La nota (OMISSIS) del 7 febbraio 2014, n. 36, che attesta che la somma di Euro 27.126,92 e imputabile alla “gestione del capitale accantonato su strumenti mercati finanziari da parte di questo fondo pensione”, in realtà stride inesorabilmente con il calcolo effettuato dal giudice del rinvio, ma, soprattutto, non fa riferimento alla porzione della singola posizione individuale del contribuente, eventualmente investita nel mercato finanziario.
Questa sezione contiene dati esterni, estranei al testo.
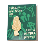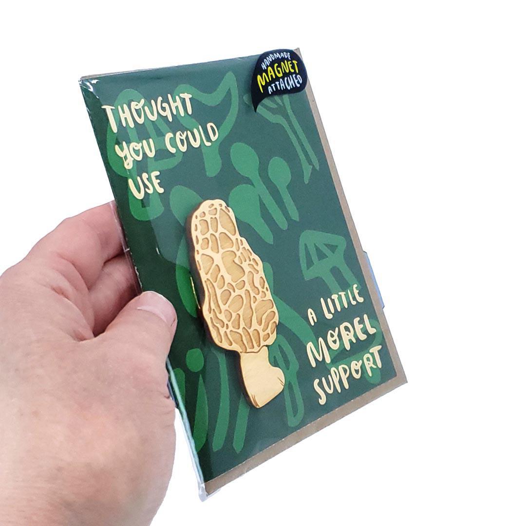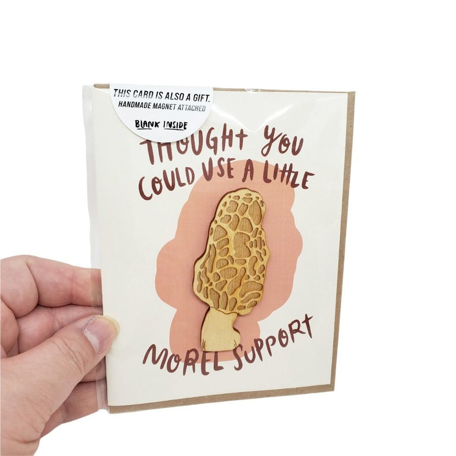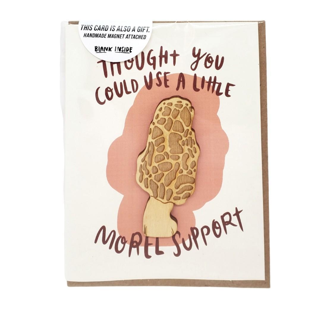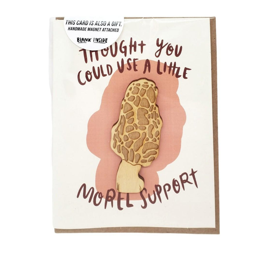 A lovely mushroom is laser-cut out of natural birch wood to lend its support affixed to a card that reads, "Thought You Could Use a Little Morel Support". Dawww! How sweet!
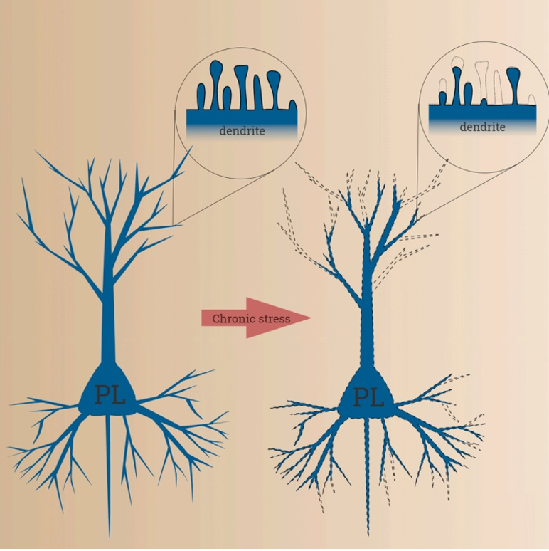 De afbeelding toont twee piramidale neuronen (PL). Dit zijn zenuwcellen die een cruciale rol spelen in geheugen, emotie en cognitieve functies.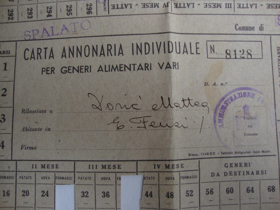 CARTA ANNONARIA INDIVIDUALE PER GENERI ALIMENTARI VARI 1942.XX./3 KOM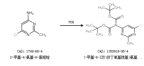 1.通过2-甲基-4-氨基-6-氯嘧啶合成2-甲基-6-[双(叔丁氧基羰基)氨基]-4-氯嘧啶,收率约75%;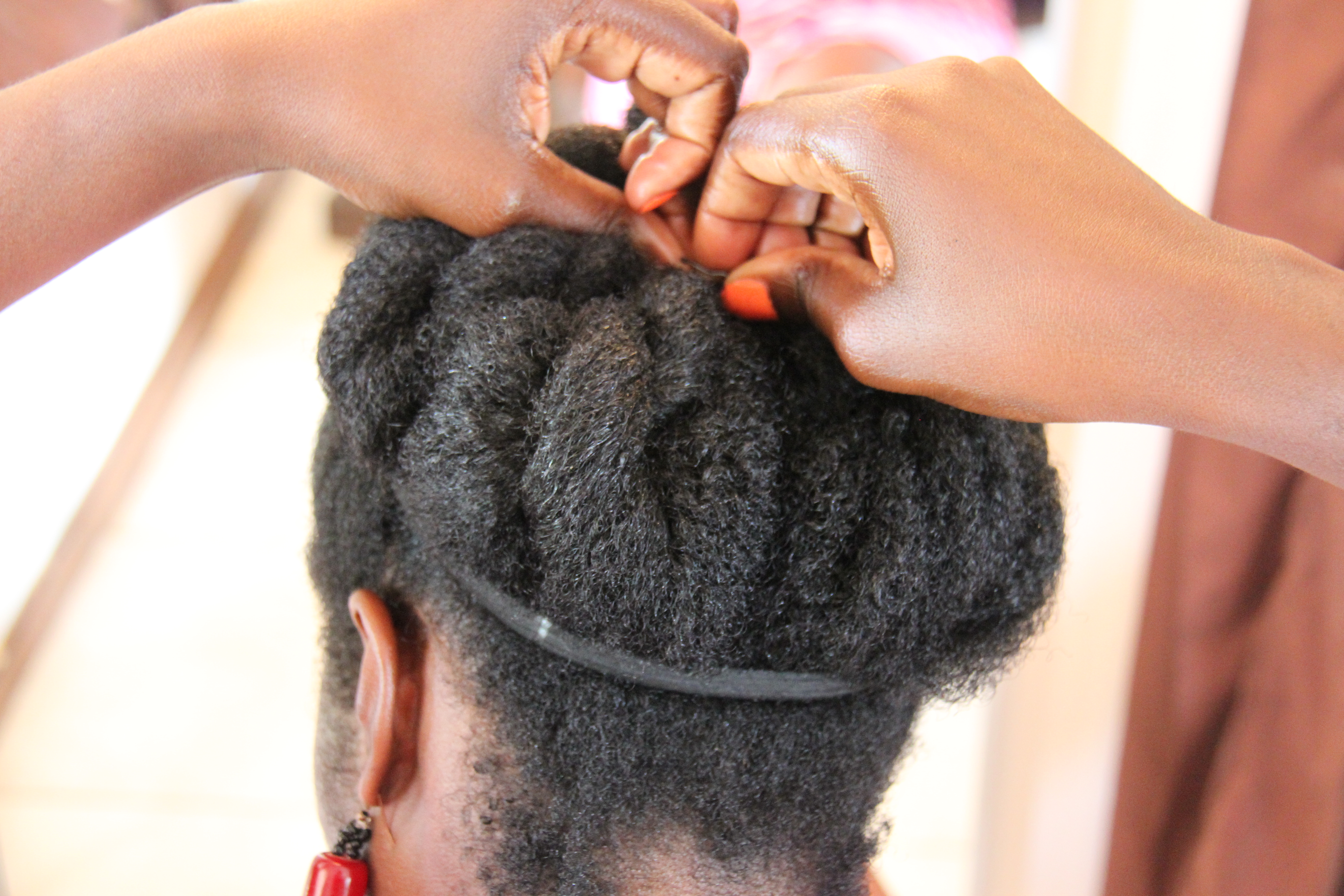 Step two: Create some loose, chunky twists at the back and loosely pin them into place. Play around with the twists to create the look you desire. I prefer a bigger puff.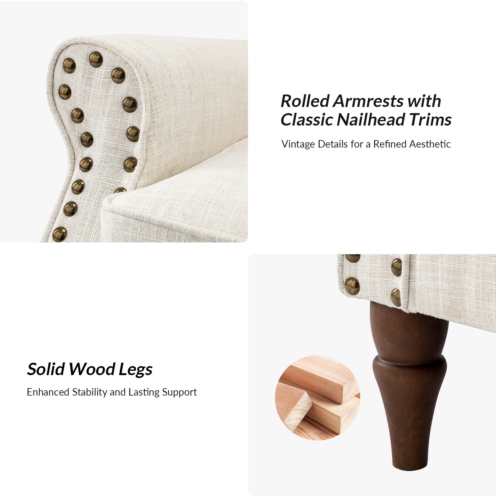 Wingback Accent Chairs Wood Legs Set of 2 Upholstered Sofa Armchairs Fabric Nailhead Trim Home Living Room Bedroom Ivory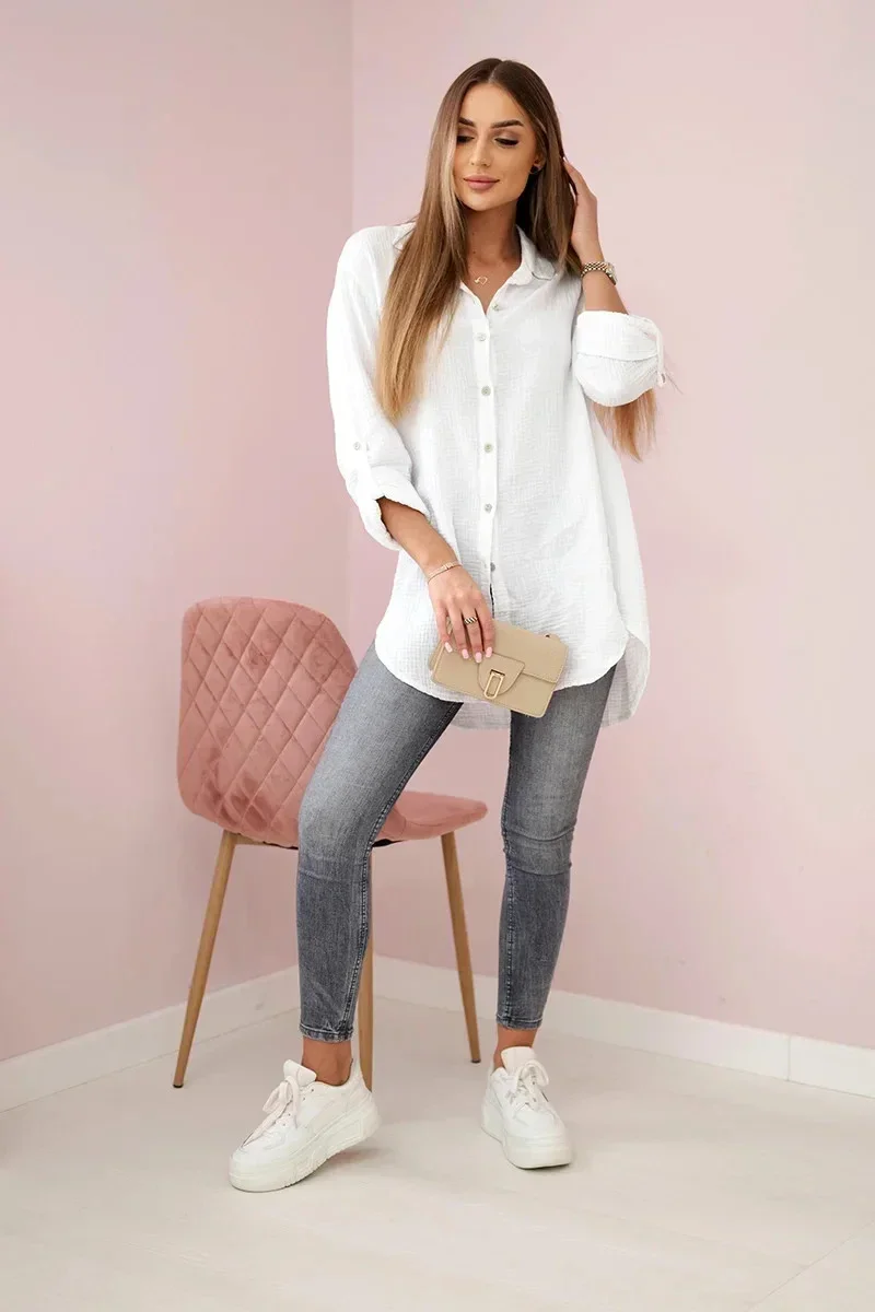 Bavlněná mušelínová košile oversize bílý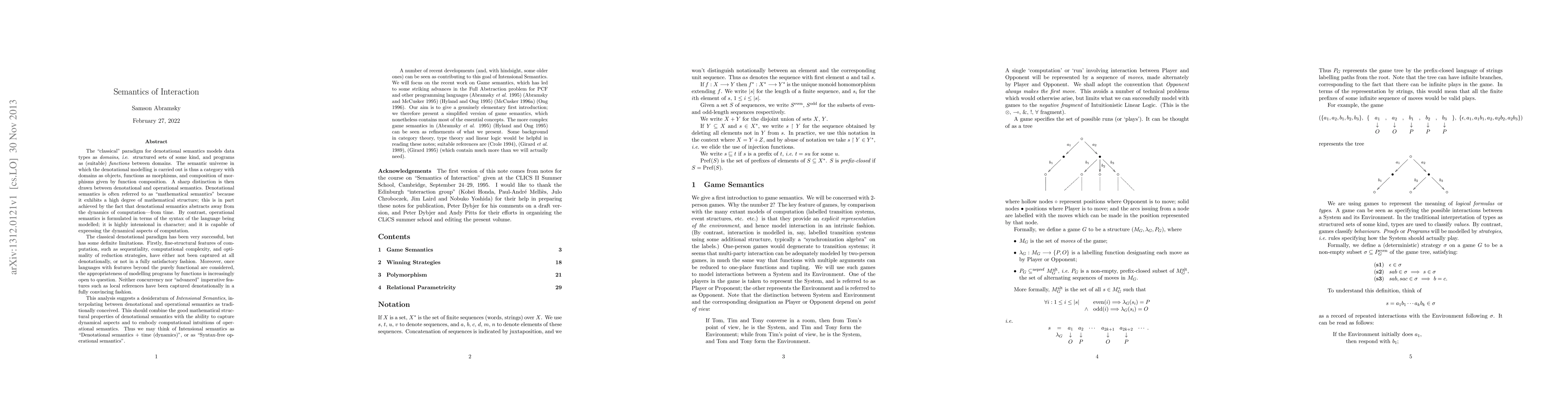 This is an introduction to Game Semantics based on some lecture notes given at the CLiCS II summer school in Cambridge in 1995. We will focus on the recent (1994) work on Game semantics, which has led to some striking advances in the Full Abstraction problem for PCF and other programming languages. Our aim is to give a genuinely elementary first introduction; we therefore present a simplified version of game semantics, which nonetheless contains most of the essential concepts. The more complex game semantics used by Abramsky, Jagadeesan and Malacaria and by Hyland and Ong to construct fully abstract models for PCF can be seen as refinements of what we present. Some background in category theory, type theory and linear logic would be helpful in reading these notes.
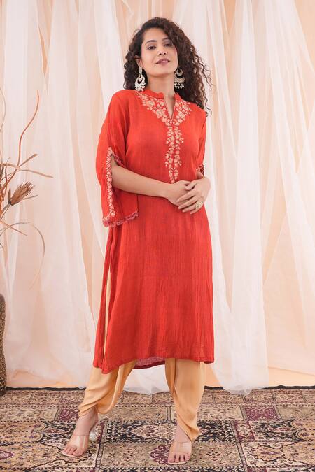 Red kurta featuring floral resham and zari embroidery on the placket and sleeves. Paired with a golden dhoti pant made from modal satin.
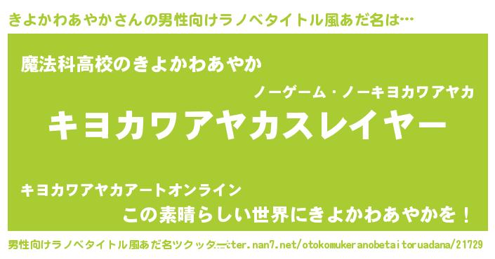 | 肩書あだ名 | 『きよかわあやか大佐』 |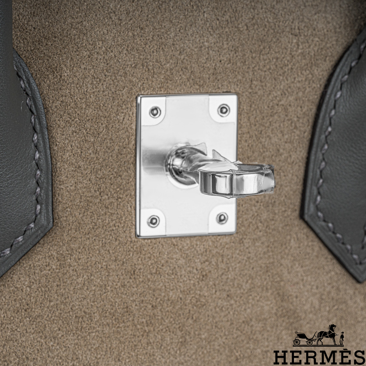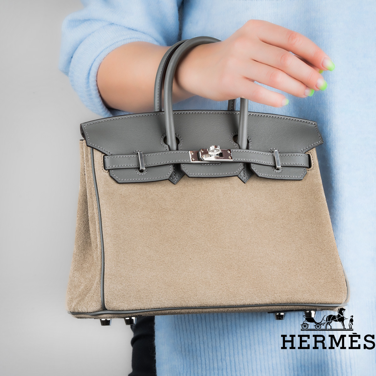 A rare Hermès Birkin 25cm handbag. The Grizzly Birkin is the namesake edition designed to showcase Veau Doblis Suede. The exterior of this Birkin is crafted in Gris Caillou Grizzly and Gris Meyer Veau Swift leather with tonal stitching. It features palladium hardware with two straps and front toggle closure. The interior, lined in Gris Meyer Veau Swift leather, has a zip pocket with an Hermès engraved zipper pull and an open pocket on the opposite side. This bag is store fresh, full set with factory stickers on all hardware.

Del resto, gli stessi ricorrenti, nella memoria del (OMISSIS), hanno ammesso che la Gestione assicurativa, sia quanto alla (OMISSIS), fino al 31 marzo 1998, sia quanto a (OMISSIS), subentrato dal 1 aprile 1998, si è caratterizzata “con rendimenti finanziari che i sostituti d’imposta hanno certificato globalmente, anche in ragione della difficoltà, per le risalenti annualità, di reperire una più analitica documentazione periodica di maturazione delle somme”(cfr. pagina 2 della memoria).

8.La complessità della questione trattata impone la compensazione integrale delle spese dell’intero processo.

PQM

Accoglie il ricorso; cassa la sentenza impugnata e, decidendo nel merito, rigetta il ricorso introduttivo del contribuente, dichiarando che le somme rinvenienti dal Fondo (OMISSIS) e poi confluite nel (OMISSIS) sono assoggettate a tassazione separata ai sensi del D.P.R. 22 dicembre 1986, n. 91, artt. 16 e 17.

Dichiara compensate per intero tra le parti le spese dell’intero processo.

Così deciso in Roma, nella Camera di Consiglio, il 6 luglio 2021.